◆ **PROBLEM TO SOLVE**: Below are records that should be duplicated exactly, with no image retained.

◆ **EXTRACTED MATERIAL**:
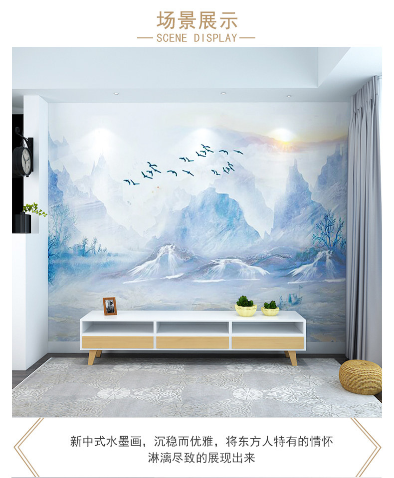 新中式牆布電視背景牆臥室客廳沙發牆紙現代抽象山水無縫定製壁畫
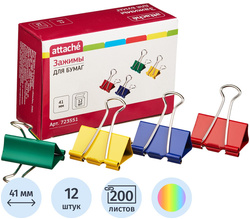 Зажимы для бумаг цветные ATTACHE, 41мм, 12шт/уп
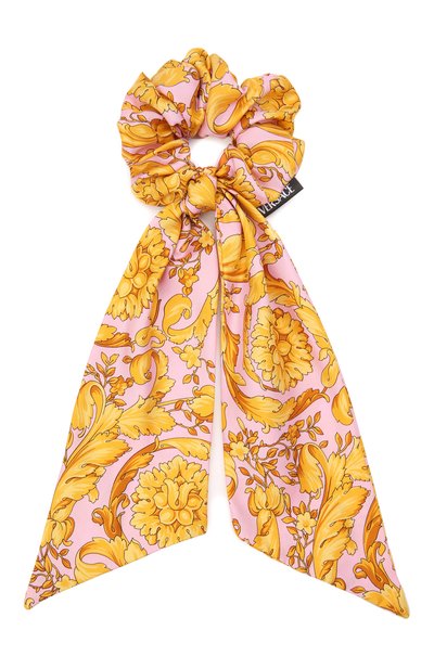 У этой резинки есть все шансы стать стилеобразующей деталью: аксессуар из тонкого шелкового твила стилизовали под платок, который повязали на хвост. Вывести яркость на максимум получилось с помощью знакового архивного принта, придуманного Джанни Версаче.
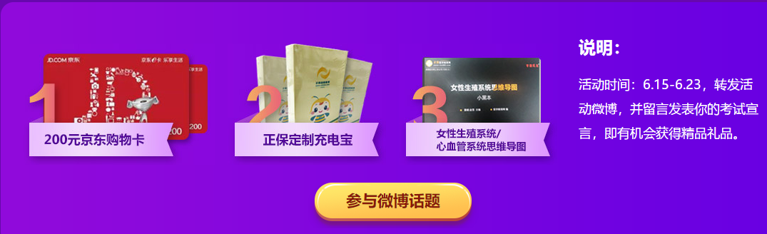 医学教育网6月钜惠活动,火热进行中,6月15日——6月23日活动期间转发活动微博,并留言发表你的考试宣言,即有机会获得精品礼品。
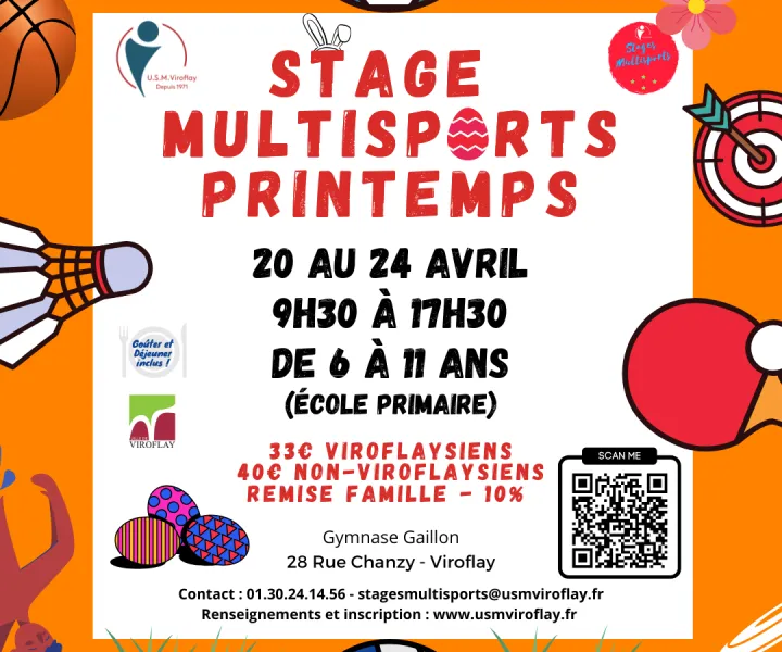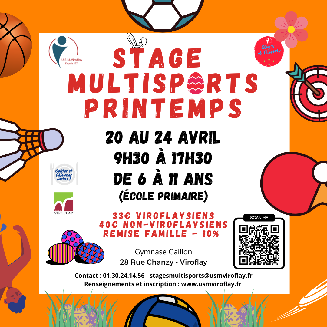 Publié le 28 Fev. 2026L’Union Sportive Multiactivité de Viroflay organise un stage multisport durant les vacances de printemps, au Gymnase Gaillon, du lundi 20 au vendredi 24 avril.
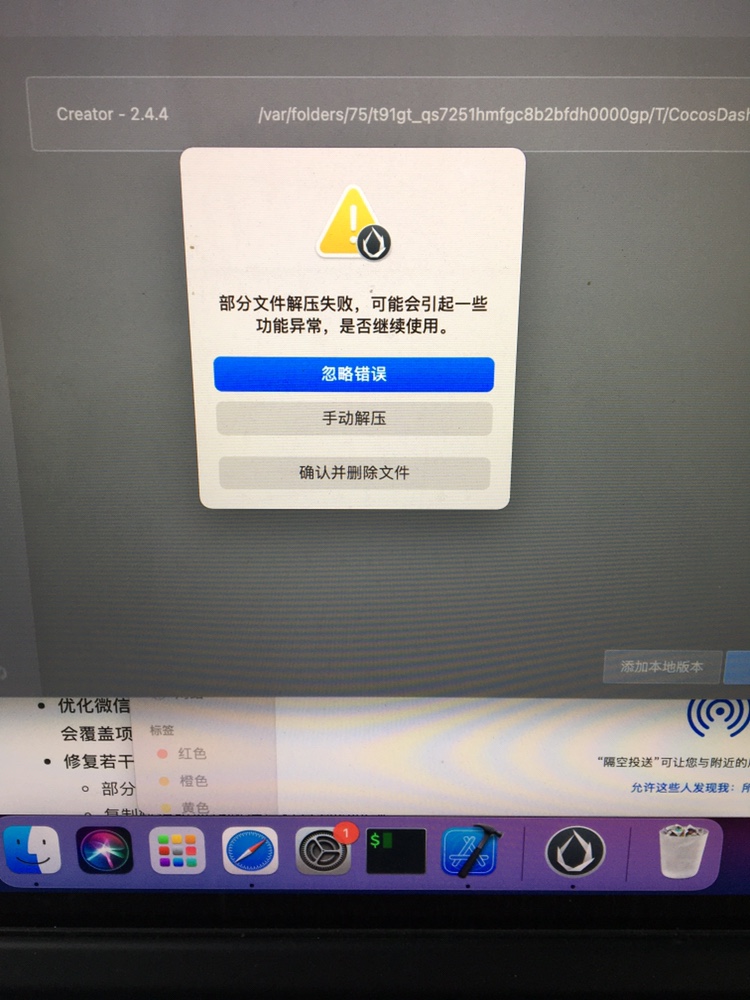 重现方式:在 Dashboard 内下载 2.4.4 版本的Creator,下载完成后解压报错
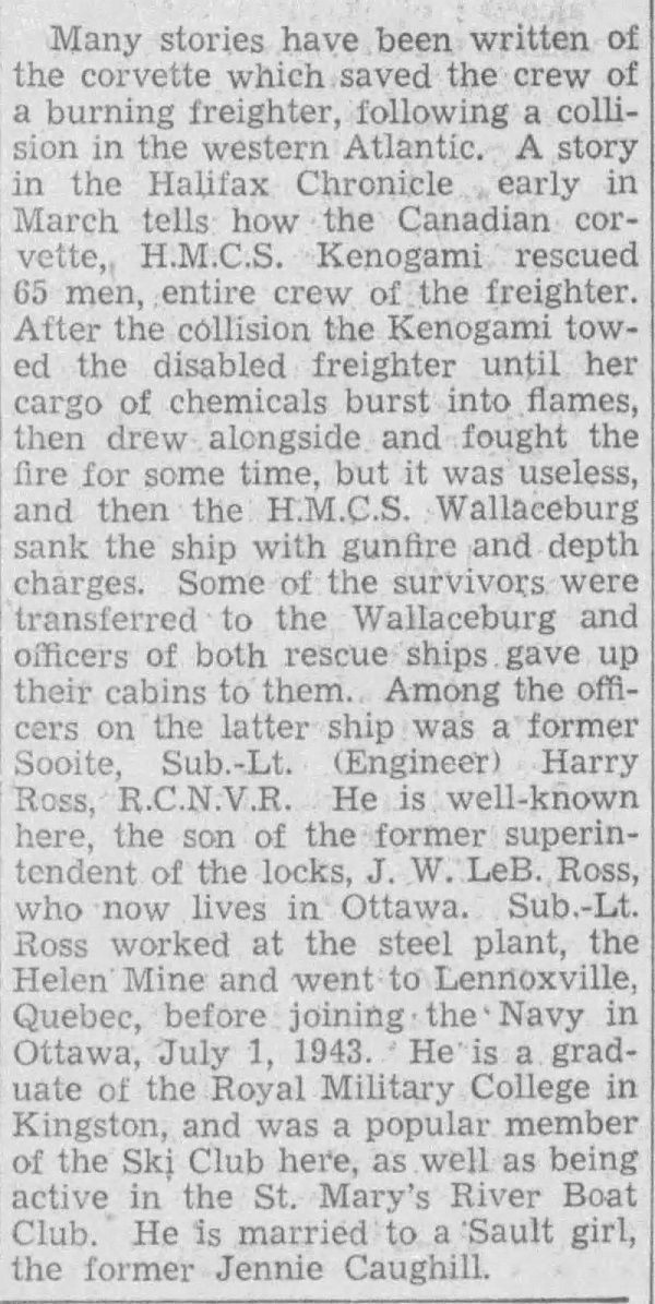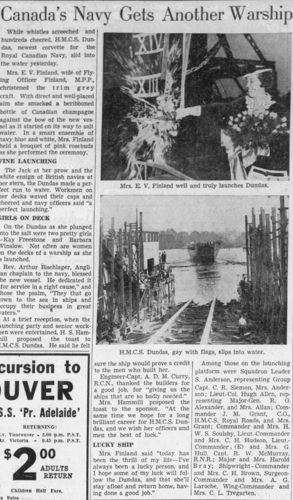 Article on the Christening of HMCS WALLACEBURG The Windsor Star 22 Nov 1943
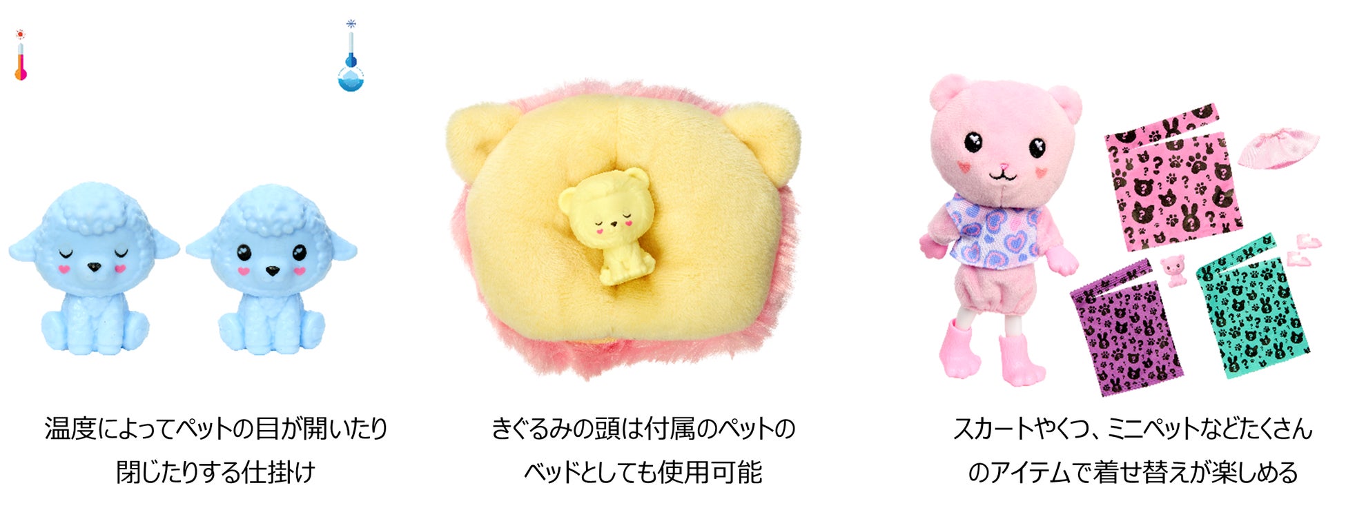 さらに、温度によって髪の色やペットの目が変化する仕掛けもあります。

◆ **TASK RESPONSE**:
 新中式牆布電視背景牆臥室客廳沙發牆紙現代抽象山水無縫定製壁畫
 Зажимы для бумаг цветные ATTACHE, 41мм, 12шт/уп
 У этой резинки есть все шансы стать стилеобразующей деталью: аксессуар из тонкого шелкового твила стилизовали под платок, который повязали на хвост. Вывести яркость на максимум получилось с помощью знакового архивного принта, придуманного Джанни Версаче.
 医学教育网6月钜惠活动,火热进行中,6月15日——6月23日活动期间转发活动微博,并留言发表你的考试宣言,即有机会获得精品礼品。
 Publié le 28 Fev. 2026L’Union Sportive Multiactivité de Viroflay organise un stage multisport durant les vacances de printemps, au Gymnase Gaillon, du lundi 20 au vendredi 24 avril.
 重现方式:在 Dashboard 内下载 2.4.4 版本的Creator,下载完成后解压报错
 Article on the Christening of HMCS WALLACEBURG The Windsor Star 22 Nov 1943
 さらに、温度によって髪の色やペットの目が変化する仕掛けもあります。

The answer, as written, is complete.